7(透) ドリブル突破
タイムアウトを終えて戻る。
私が決めた直後のタイムアウトだったので、向こうのチームの攻撃からだ。
まず、変化が一つ。
攻撃の起点が三園さんになっていた。
「一本、取りましょう」
だむだむ、とドリブルしながら人差し指を立てる三園さん。口調は平坦だけど、目の光はむしろ先ほどより強い。
三園さんは、中学の大会で当たったときも、ああして静かに燃えるタイプだった。
三園さん――三園ひかりさん。玉中の〝紅一点〟。
針の穴を通すような正確なサーブカットと、コートを縦横無尽に駆け回る機動力。
私たちの世代の、地区ナンバー1レシーバー。
味方のメンバーが散らばっていくのを目で追いながら、ゆっくりとドリブルで前進する三園さん。
やがて、同じポイントガードの霧咲さんとマッチアップ。
ぴりっ、と空気が張りつめていく。
あんな小さな身体で……霧咲さんと互角の落ち着きとプレッシャーを放つんだ。
やっぱり、三園さんは、すごい。
だむだむ――だんっ!
三園さんが仕掛ける。深く腰を落とした姿勢から、左へ、右へ、と素早く切り返す。先ほどまでマッチアップしていた宇奈月さんとギャップがあったからか、霧咲さんはあっさり三園さんのドリブル突破を許してしまう。
けれど、突破した先には、待ち構えていたように道重さん。たまらず三園さん急停止。背後からは霧咲さんが戻ってきている。
「ひかりんっ!!」
そう声を上げたのは左サイドの宇奈月さん。三園さんはちらりとそちらに目をやり、直後、逆側に切り返して宇奈月さんに気を取られた道重さんを抜き去った。
「マジ!?」と道重さん。「ひかりんパネェ!」と星野さん。ゴール下から一分始終を見ていた私も、思わず溜息が漏れるほどのドリブル技術。
霧咲さんと道重さんを置き去りにしてフリーになった三園さんは、ぴょん、とジャンプすると、そのまま両手でシュート。
ボールは私の頭の上で放物線を描き、ボードを経由してゴールへ。
わああっ! と相手チームだけじゃなく、私たちや周りで見ていた他の生徒たちも歓声を上げた。
「ひっかりーん、やるーぅ!」
宇奈月さんが駆け寄って、右手を差し出す。
「朝飯前ですよ」
三園さんは、そう言って宇奈月さんの手を叩く。ぱちん、といい音が鳴った。
スコアは6―12。
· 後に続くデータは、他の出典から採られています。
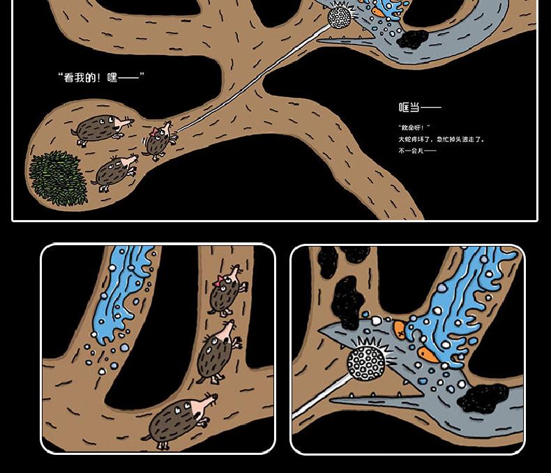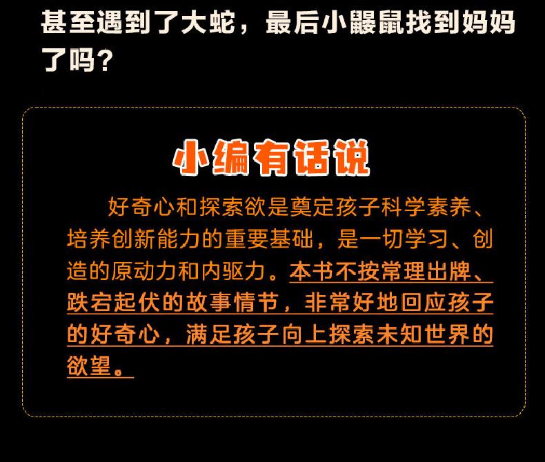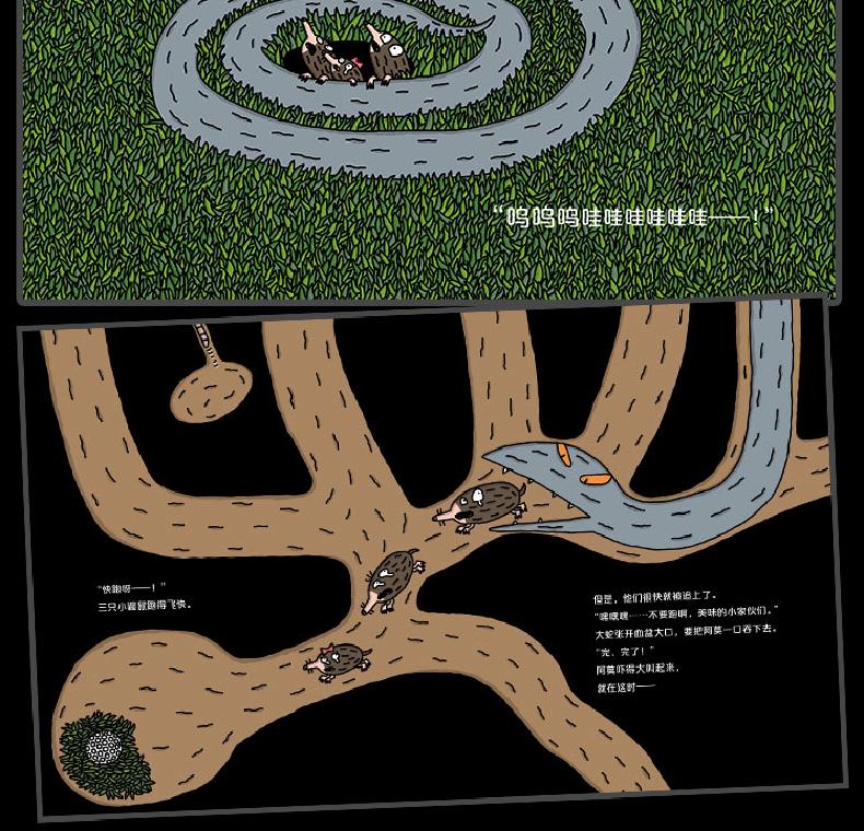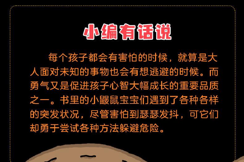这是一本脑洞大开的妙思绘本,宫西达也笔下的鼹鼠兄妹,遇到了不同的危险。面对不同状况,小鼹鼠兄妹开动脑筋,想办法解决问题,终化险为夷的有趣故事。

ダブルスコアで勝っているけれど、油断はできない。
今度は、こちらのオフェンス。
が、頑張らなきゃ……!
<バレーボール基礎知識>
・サーブについて
バレーは必ずサーブから始まります。
サーブは、エンドラインより後方、サイドライン(の延長線)より内側の、サービスゾーンと呼ばれる領域から打ちます。
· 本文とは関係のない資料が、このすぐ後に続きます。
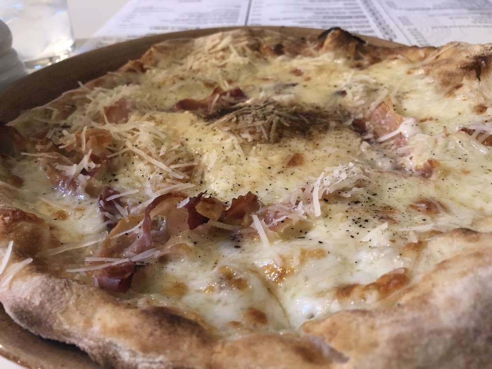 This was essentially a white pizza without tomato and was described on the menu as thus “Pancetta, Pepper and Parmesan bring this pizza to life“

動作としては、ボールを上げる(トス)と、ボールを打つ(ヒット)の二つ。
トスは片手でも両手でも大丈夫ですが、ヒットは片腕でなければなりません。
具体的には、手の平、握り拳、腕(手首から肘の間)、のどこかで打つことになります。ルール上は、裏拳や肘打ちもありです。腕以外の部位で打つのは反則です。
その他の反則として、味方側のスクリーン(サーバー以外のプレーヤーが、サーバーの姿を隠すように立ち塞がること)や、敵側のブロック・ダイレクトアタック(フロントゾーンにおいて、ネットより高い位置からサーブを相手コートに返球する行為)が禁止されています。